I recently worked on a new UI-less application. The application read some data then sent it to another server over a TCP connection. There could be lots of data and several servers so the application was multithreaded.

Every few hours the application would stop responding. Windows reported the service was running so I know it didn’t crash.

This didn’t make much sense because an exception or deadlock on one thread shouldn’t stop other threads. I pushed that thought to the back of my mind. There was definitely a bug somewhere.

Getting started…

My initial thought was some deadlock in my tcp connection. I was using an asynchronous API that I wasn’t familiar with so that seems like a good starting point. I double checked the documentation and made a few changes. I pushed my changes to the server and… it deadlocked in a few hours.

Next idea – maybe the application isn’t unregistering all the event handlers. Maybe I somehow ended up with thousands of timer events. Sure enough the timers were not stopped correctly. I updated my timer stop methods to unregister the events and… no luck, it still deadlocks.

This time I used Process Explorer to inspect the application while it was in the deadlock state. Cpu usage was 0% and it was using about 100MB of RAM. Neither of those seemed like an issue. Then I noticed the threads. It processes owned over 2000 threads. This seemed outrageous. Each thread showed the start address as a timer elapsed event. This isn’t too helpful because most of my logic happened in the timer event.

Almost there…

Using Process Explorer I was able to see over 2000 threads but I couldn’t see a stack track. I needed a different tool to do that.

I thought about using Process Monitor. It is a really powerful tool, but I don’t use it often and it’s usually difficult for me to filter through everything.

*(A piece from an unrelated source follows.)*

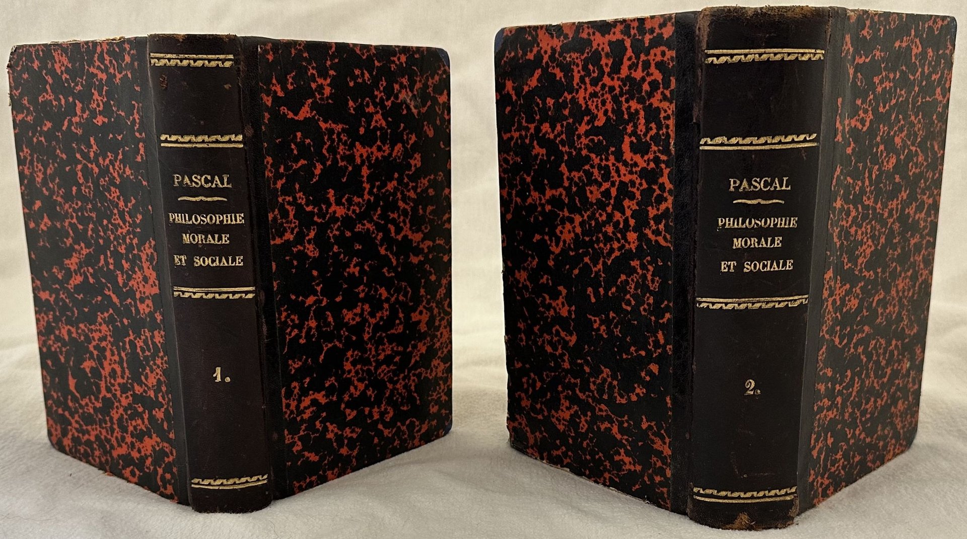 Edizione del 1894 di questo trattato di filosofia morale e sociale scritto dal Padre missionario apostolico Georges de Pascal (1840-1917). All'interno: antropologia sociale, nomologia, diritto sociale, uomo e Dio, uomo e la sua personalità, L'uomo e i suoi simili, l'uomo e il mondo esterno. L'opera è in due volumi ed è completa. In ottime condizioni. Copertina in mezza pelle con titlo e decorazioni in oro al dorso in ottime condizioni con lievi usure ai margini e dorso. Legatura in buone condizioni. Pagine in buone condizioni con fioriture. Il primo tomo è di dimensione più piccola rispetto al secondo. In 8. cm 21x13,5 cm. Pp. 349+(3), 531+(1). Edition of 1894 of this treaty of moral and social phylosohpy written by the father apostolic missionary Georges de Pascal (1840-1917). The work is in two volumes and it is complete In very good conditions. Half leather coeval cover with gilted title and decorations in the spine in very good general conditions light worn in the extremities. Binding in good conditions. Inside pages are in good conditions with foxing.The first tome is more little than the second one. In 8. cm 21x13,5 cm. Pp. 349+(3), 531+(1).

Then I thought about creating a minidump and digging through that. I’ve only done that once before. I couldn’t remember the exact steps but I remember it being somewhat difficult to get setup.

Then I remembered a new tool I just got a license for – dotTrace. It is part of the Resharper Ultimate package. I decided to give that a try. In minutes I had a beautiful snapshot that show the stack trace for all 2000 of my threads. I started looking through it.

Got it!

I started expanding the stack traces for each thread. Finally it made sense! All threads were stuck at the same spot. It wasn’t my timer. It wasn’t my event handlers. It wasn’t the TCP connections.

It was the logging library it was using! LOGS! Logs are supposted to save the devs! At that moment I had to laugh because all I can think about was Obi-Wan talking to the logging server.

It was said that you would destroy the bugs, not create them!

-I’m pretty sure that’s what Obi-Wan said

The fix

The logging library I was using is an open source project on github. I got lucky with this one. There was an issue fix two months ago that fixed my exact issue! All I had to do was update my nuget package and hope for the best.

…And it worked! After days of dissecting, optimizing and reworking code my solution was to click one button in Visual Studio.

As a developer, you need to be able to laugh at these situations. People go down the wrong path all the time. Going down the wrong path seems like a good blog post…

Why didn’t you update your nugets in the first place?

Great question. The logging library I am using was wrapped in another private my company uses to standardize logs across the enterprise. That was on the latest version. To Visual Studio everything was up to date.